BEGIN Information provided
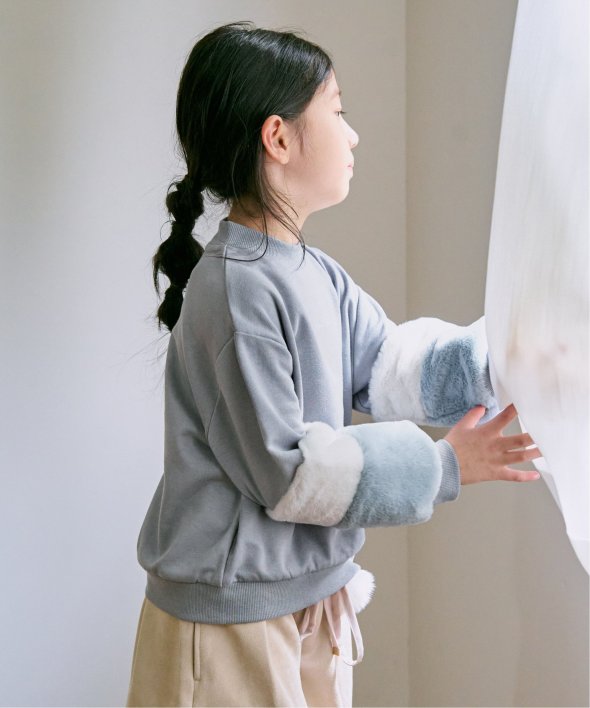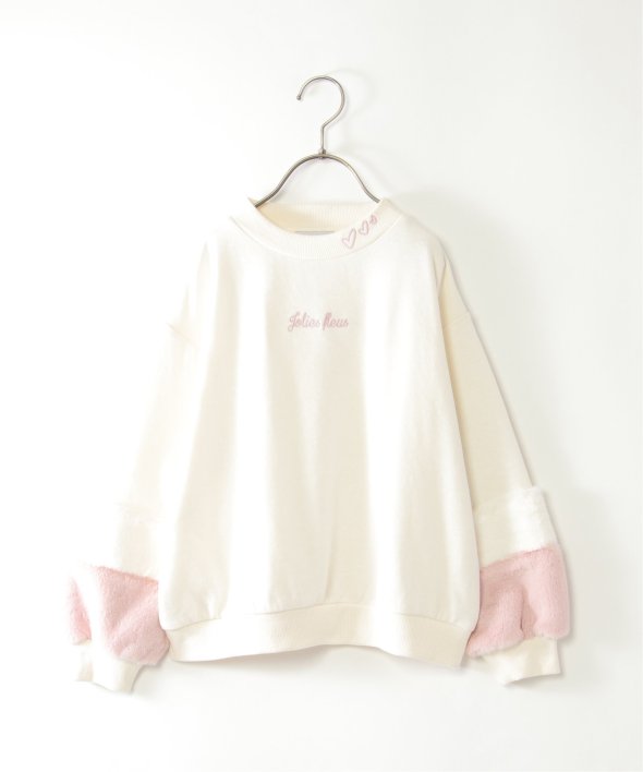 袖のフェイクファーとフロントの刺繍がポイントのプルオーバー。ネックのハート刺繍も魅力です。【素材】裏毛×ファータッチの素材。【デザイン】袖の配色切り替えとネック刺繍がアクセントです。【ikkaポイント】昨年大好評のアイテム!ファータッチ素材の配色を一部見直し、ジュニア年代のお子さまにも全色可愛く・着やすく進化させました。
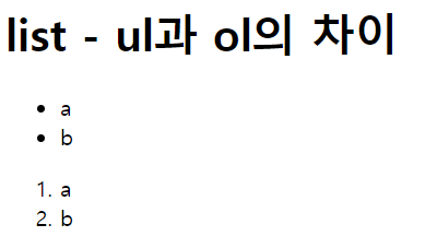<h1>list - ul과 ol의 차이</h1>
END Information provided
BEGIN Information provided
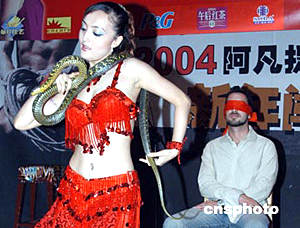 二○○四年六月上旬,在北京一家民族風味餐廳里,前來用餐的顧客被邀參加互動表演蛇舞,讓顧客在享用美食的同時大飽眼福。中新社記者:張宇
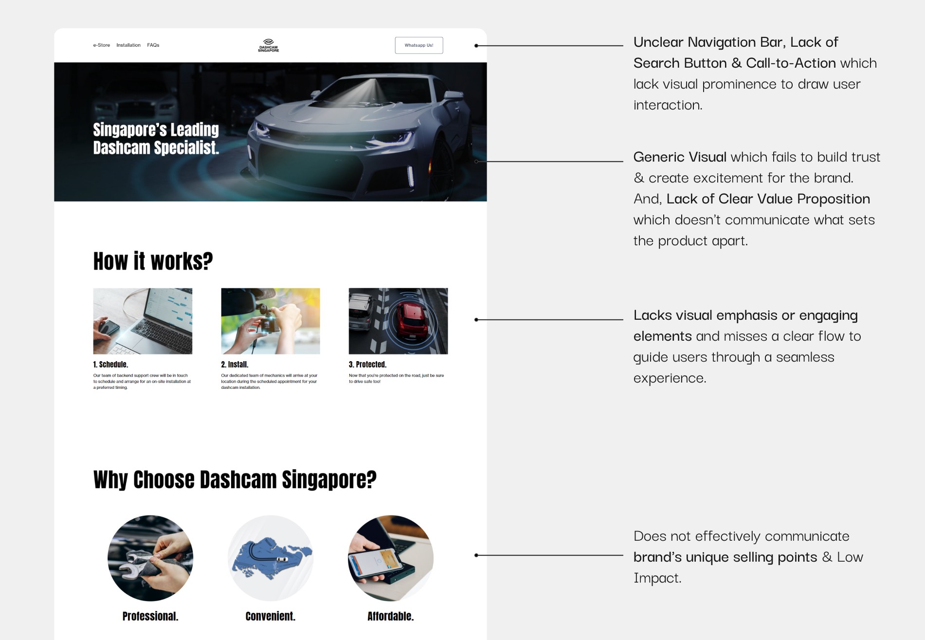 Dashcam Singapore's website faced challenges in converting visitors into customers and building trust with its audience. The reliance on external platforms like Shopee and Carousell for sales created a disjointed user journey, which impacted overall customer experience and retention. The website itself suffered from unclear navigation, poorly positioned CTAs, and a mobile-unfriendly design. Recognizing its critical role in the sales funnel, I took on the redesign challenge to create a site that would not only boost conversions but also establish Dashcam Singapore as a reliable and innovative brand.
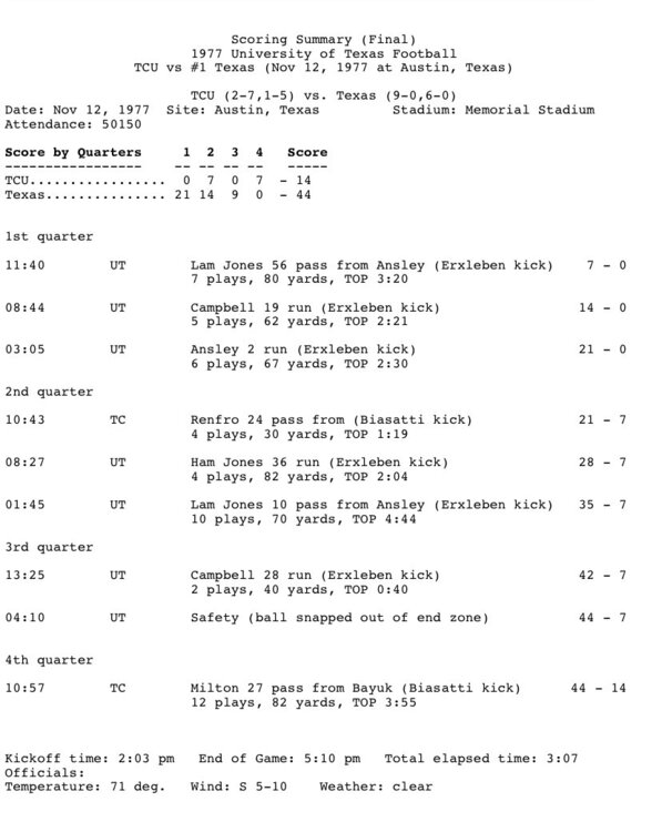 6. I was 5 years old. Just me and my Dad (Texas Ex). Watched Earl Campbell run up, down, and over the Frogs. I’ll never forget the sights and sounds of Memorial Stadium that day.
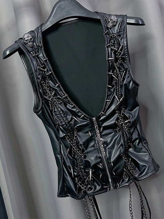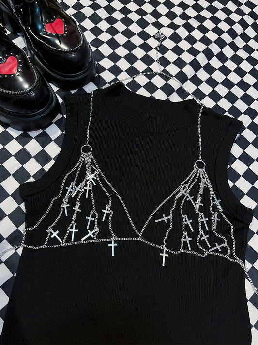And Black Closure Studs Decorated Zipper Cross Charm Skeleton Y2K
END Information provided
Your assignment
Within the listing above, find the line containing "袖のフェイクファーとフロント" and the line containing "<h1>list - ul과 ol의 차이</h1>". Transcribe them and everything between them exactly, leaving out the pictures.

Answer
 袖のフェイクファーとフロントの刺繍がポイントのプルオーバー。ネックのハート刺繍も魅力です。【素材】裏毛×ファータッチの素材。【デザイン】袖の配色切り替えとネック刺繍がアクセントです。【ikkaポイント】昨年大好評のアイテム!ファータッチ素材の配色を一部見直し、ジュニア年代のお子さまにも全色可愛く・着やすく進化させました。
<h1>list - ul과 ol의 차이</h1>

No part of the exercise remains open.